**TASK REQUIREMENTS:** The answer should contain all of the records below, each one copied word for word.

==================================================

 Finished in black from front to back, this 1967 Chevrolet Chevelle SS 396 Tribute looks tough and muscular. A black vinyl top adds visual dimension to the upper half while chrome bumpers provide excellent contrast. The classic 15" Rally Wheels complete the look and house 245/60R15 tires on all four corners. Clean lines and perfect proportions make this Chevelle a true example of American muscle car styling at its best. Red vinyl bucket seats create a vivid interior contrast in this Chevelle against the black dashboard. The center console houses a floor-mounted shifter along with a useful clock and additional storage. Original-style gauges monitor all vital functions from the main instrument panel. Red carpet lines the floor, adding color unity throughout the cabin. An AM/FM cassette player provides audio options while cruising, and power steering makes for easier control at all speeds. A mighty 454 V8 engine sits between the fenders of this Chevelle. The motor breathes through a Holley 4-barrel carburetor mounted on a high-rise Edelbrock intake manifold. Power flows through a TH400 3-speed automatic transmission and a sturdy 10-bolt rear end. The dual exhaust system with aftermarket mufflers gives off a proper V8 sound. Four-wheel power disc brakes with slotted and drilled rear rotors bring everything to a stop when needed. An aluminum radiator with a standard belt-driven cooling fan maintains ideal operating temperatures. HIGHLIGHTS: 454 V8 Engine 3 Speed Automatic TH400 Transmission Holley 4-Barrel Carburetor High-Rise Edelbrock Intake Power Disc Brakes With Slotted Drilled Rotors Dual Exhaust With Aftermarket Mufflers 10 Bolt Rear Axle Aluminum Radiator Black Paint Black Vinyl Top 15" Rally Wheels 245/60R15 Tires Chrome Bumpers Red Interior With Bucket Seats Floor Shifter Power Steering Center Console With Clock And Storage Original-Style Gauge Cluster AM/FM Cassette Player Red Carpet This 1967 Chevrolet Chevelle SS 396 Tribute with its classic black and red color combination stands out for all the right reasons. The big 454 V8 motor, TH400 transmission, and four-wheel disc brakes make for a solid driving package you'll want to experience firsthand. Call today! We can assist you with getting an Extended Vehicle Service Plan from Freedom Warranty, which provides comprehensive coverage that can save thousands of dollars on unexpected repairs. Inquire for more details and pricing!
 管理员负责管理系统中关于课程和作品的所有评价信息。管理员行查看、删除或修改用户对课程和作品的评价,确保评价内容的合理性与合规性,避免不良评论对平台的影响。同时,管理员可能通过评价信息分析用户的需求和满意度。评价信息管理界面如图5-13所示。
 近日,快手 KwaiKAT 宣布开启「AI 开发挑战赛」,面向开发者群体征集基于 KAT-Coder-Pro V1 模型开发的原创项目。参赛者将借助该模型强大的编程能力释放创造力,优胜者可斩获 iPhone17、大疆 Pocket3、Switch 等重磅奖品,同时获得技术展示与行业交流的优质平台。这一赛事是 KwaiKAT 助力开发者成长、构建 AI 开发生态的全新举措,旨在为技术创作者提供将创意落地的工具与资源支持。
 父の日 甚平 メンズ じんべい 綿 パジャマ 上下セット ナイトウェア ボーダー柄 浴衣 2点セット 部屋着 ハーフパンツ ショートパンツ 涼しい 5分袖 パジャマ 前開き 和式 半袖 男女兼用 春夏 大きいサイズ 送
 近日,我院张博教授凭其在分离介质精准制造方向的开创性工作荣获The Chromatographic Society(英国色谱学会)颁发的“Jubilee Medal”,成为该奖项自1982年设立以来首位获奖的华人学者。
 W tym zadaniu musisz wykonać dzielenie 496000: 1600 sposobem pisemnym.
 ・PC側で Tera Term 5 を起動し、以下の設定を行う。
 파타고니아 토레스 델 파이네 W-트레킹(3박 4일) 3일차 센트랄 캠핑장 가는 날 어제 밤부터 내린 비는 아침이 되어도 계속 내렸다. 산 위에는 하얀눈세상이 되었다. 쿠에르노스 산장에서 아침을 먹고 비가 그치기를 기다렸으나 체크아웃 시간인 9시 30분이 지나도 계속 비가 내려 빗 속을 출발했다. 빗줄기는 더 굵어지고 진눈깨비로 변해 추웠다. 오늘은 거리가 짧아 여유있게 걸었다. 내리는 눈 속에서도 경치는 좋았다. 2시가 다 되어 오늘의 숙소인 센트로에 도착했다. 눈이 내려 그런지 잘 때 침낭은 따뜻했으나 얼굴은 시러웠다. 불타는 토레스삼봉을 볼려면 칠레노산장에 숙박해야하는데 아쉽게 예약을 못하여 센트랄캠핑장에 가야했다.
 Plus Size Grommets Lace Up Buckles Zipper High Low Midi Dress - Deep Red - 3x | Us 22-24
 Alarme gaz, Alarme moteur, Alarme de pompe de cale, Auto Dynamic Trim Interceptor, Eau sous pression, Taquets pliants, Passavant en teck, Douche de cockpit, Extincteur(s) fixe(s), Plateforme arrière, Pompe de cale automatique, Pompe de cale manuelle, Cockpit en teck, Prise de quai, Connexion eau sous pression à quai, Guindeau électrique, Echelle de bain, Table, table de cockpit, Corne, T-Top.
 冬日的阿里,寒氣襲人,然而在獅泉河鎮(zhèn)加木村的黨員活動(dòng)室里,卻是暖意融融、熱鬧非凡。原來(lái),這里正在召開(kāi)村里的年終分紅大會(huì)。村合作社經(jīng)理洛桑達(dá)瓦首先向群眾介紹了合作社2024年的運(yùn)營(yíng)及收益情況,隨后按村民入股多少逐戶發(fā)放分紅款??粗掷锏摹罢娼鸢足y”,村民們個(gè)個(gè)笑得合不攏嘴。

==================================================

**TASK RESPONSE:**
 Finished in black from front to back, this 1967 Chevrolet Chevelle SS 396 Tribute looks tough and muscular. A black vinyl top adds visual dimension to the upper half while chrome bumpers provide excellent contrast. The classic 15" Rally Wheels complete the look and house 245/60R15 tires on all four corners. Clean lines and perfect proportions make this Chevelle a true example of American muscle car styling at its best. Red vinyl bucket seats create a vivid interior contrast in this Chevelle against the black dashboard. The center console houses a floor-mounted shifter along with a useful clock and additional storage. Original-style gauges monitor all vital functions from the main instrument panel. Red carpet lines the floor, adding color unity throughout the cabin. An AM/FM cassette player provides audio options while cruising, and power steering makes for easier control at all speeds. A mighty 454 V8 engine sits between the fenders of this Chevelle. The motor breathes through a Holley 4-barrel carburetor mounted on a high-rise Edelbrock intake manifold. Power flows through a TH400 3-speed automatic transmission and a sturdy 10-bolt rear end. The dual exhaust system with aftermarket mufflers gives off a proper V8 sound. Four-wheel power disc brakes with slotted and drilled rear rotors bring everything to a stop when needed. An aluminum radiator with a standard belt-driven cooling fan maintains ideal operating temperatures. HIGHLIGHTS: 454 V8 Engine 3 Speed Automatic TH400 Transmission Holley 4-Barrel Carburetor High-Rise Edelbrock Intake Power Disc Brakes With Slotted Drilled Rotors Dual Exhaust With Aftermarket Mufflers 10 Bolt Rear Axle Aluminum Radiator Black Paint Black Vinyl Top 15" Rally Wheels 245/60R15 Tires Chrome Bumpers Red Interior With Bucket Seats Floor Shifter Power Steering Center Console With Clock And Storage Original-Style Gauge Cluster AM/FM Cassette Player Red Carpet This 1967 Chevrolet Chevelle SS 396 Tribute with its classic black and red color combination stands out for all the right reasons. The big 454 V8 motor, TH400 transmission, and four-wheel disc brakes make for a solid driving package you'll want to experience firsthand. Call today! We can assist you with getting an Extended Vehicle Service Plan from Freedom Warranty, which provides comprehensive coverage that can save thousands of dollars on unexpected repairs. Inquire for more details and pricing!
 管理员负责管理系统中关于课程和作品的所有评价信息。管理员行查看、删除或修改用户对课程和作品的评价,确保评价内容的合理性与合规性,避免不良评论对平台的影响。同时,管理员可能通过评价信息分析用户的需求和满意度。评价信息管理界面如图5-13所示。
 近日,快手 KwaiKAT 宣布开启「AI 开发挑战赛」,面向开发者群体征集基于 KAT-Coder-Pro V1 模型开发的原创项目。参赛者将借助该模型强大的编程能力释放创造力,优胜者可斩获 iPhone17、大疆 Pocket3、Switch 等重磅奖品,同时获得技术展示与行业交流的优质平台。这一赛事是 KwaiKAT 助力开发者成长、构建 AI 开发生态的全新举措,旨在为技术创作者提供将创意落地的工具与资源支持。
 父の日 甚平 メンズ じんべい 綿 パジャマ 上下セット ナイトウェア ボーダー柄 浴衣 2点セット 部屋着 ハーフパンツ ショートパンツ 涼しい 5分袖 パジャマ 前開き 和式 半袖 男女兼用 春夏 大きいサイズ 送
 近日,我院张博教授凭其在分离介质精准制造方向的开创性工作荣获The Chromatographic Society(英国色谱学会)颁发的“Jubilee Medal”,成为该奖项自1982年设立以来首位获奖的华人学者。
 W tym zadaniu musisz wykonać dzielenie 496000: 1600 sposobem pisemnym.
 ・PC側で Tera Term 5 を起動し、以下の設定を行う。
 파타고니아 토레스 델 파이네 W-트레킹(3박 4일) 3일차 센트랄 캠핑장 가는 날 어제 밤부터 내린 비는 아침이 되어도 계속 내렸다. 산 위에는 하얀눈세상이 되었다. 쿠에르노스 산장에서 아침을 먹고 비가 그치기를 기다렸으나 체크아웃 시간인 9시 30분이 지나도 계속 비가 내려 빗 속을 출발했다. 빗줄기는 더 굵어지고 진눈깨비로 변해 추웠다. 오늘은 거리가 짧아 여유있게 걸었다. 내리는 눈 속에서도 경치는 좋았다. 2시가 다 되어 오늘의 숙소인 센트로에 도착했다. 눈이 내려 그런지 잘 때 침낭은 따뜻했으나 얼굴은 시러웠다. 불타는 토레스삼봉을 볼려면 칠레노산장에 숙박해야하는데 아쉽게 예약을 못하여 센트랄캠핑장에 가야했다.
 Plus Size Grommets Lace Up Buckles Zipper High Low Midi Dress - Deep Red - 3x | Us 22-24
 Alarme gaz, Alarme moteur, Alarme de pompe de cale, Auto Dynamic Trim Interceptor, Eau sous pression, Taquets pliants, Passavant en teck, Douche de cockpit, Extincteur(s) fixe(s), Plateforme arrière, Pompe de cale automatique, Pompe de cale manuelle, Cockpit en teck, Prise de quai, Connexion eau sous pression à quai, Guindeau électrique, Echelle de bain, Table, table de cockpit, Corne, T-Top.
 冬日的阿里,寒氣襲人,然而在獅泉河鎮(zhèn)加木村的黨員活動(dòng)室里,卻是暖意融融、熱鬧非凡。原來(lái),這里正在召開(kāi)村里的年終分紅大會(huì)。村合作社經(jīng)理洛桑達(dá)瓦首先向群眾介紹了合作社2024年的運(yùn)營(yíng)及收益情況,隨后按村民入股多少逐戶發(fā)放分紅款??粗掷锏摹罢娼鸢足y”,村民們個(gè)個(gè)笑得合不攏嘴。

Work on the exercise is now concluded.